Short career summary on Dave Dudley
Dave Dudley was an American country singer known for his several songs about trucks and truckers. A former baseball player, he was sidetracked to doing music after his arm was injured. He first appeared on the chart with “Maybe I Do” on the country chart during the 60 music scene. He would then attain a string of major country hits from then on until the 1970s including: “Six Days On The Road” (his signature song), “Cowboy Boots,” “Last Day In The Mines,” “Mad,” “Truck Drivin’ Son-of-a-Gun,” “What We’re Fighting Fore,” “There Ain’t No Easy Run” “George (And The North Woods),” “Please Let Me Prove (My Love For You),” “The Pool Shark,” “Comin’ Down,” “Fly Away Again,” among others. By the late 1970s, Dudley’s chart appeal began to wane, although he remained a strong concert draw. Dudley died of a heart attack at his home in Wisconsin, in 2003. He was 75. His songs will forever linger in the hearts of country and oldies music lovers.
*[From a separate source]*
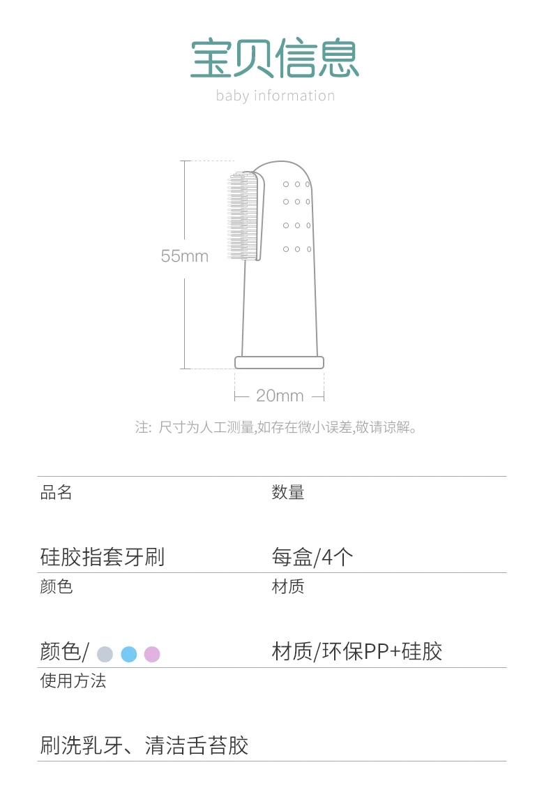 Детская зубная щетка на палец с коробкой, мягкая силиконовая резино...

Early life, sports and music career
American country singer-songwriter Dave Dudley was born David Darwin Pedruska in Spencer, Wisconsin on May 3, 1928. His initial ambition was to become a baseball player; he actually played as a semi-professional baseball player. However, after suffering an arm injury, he could no longer play the sport and so his solace turned to music.
Eventually, this hobby formed a new ambition in Dudley who now wanted to pursue a career in music. He was among the artists he cut records for the National Recording Corporation, with “Where’s There’s a Will” in 1959.
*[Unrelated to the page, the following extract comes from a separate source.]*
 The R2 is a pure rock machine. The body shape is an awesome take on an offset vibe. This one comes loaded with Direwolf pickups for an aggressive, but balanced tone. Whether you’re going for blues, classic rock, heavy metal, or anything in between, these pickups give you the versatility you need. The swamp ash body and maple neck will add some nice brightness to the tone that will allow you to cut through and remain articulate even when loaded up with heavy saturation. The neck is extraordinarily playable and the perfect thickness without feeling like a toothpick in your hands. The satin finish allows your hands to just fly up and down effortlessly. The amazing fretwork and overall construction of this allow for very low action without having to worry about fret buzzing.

Dudley’s first charting single was “Maybe I Do” which landed at #28 peak position on the country singles chart in 1961.
Biggest hit with “Six Days on the Road”
Dudley’s achieved his biggest hit in 1963 with “Six Days on the Road,” written by Earl Greene and Carl “Peanut” Montgomery. Released on Golden Wing label, the single went to #32 on the Billboard Hot 100, #13 on the adult contemporary singles chart, and #2 on the country singles chart that year. “Six Days on the Road” garnered a million copies, and was awarde with a gold disc. A song about the lives, hardships and loneliness of country truck drivers. That paved the way for Dudley to eventually attain fame for his themes about country truck drivers.
Continued success on the country charts
In 1963 Dudley signed to Mercury Records, and at the end of the year he released his first single on Mercury, “Last Days in the Mines,” which peaked at #7 on the country singles chart (#125 pop).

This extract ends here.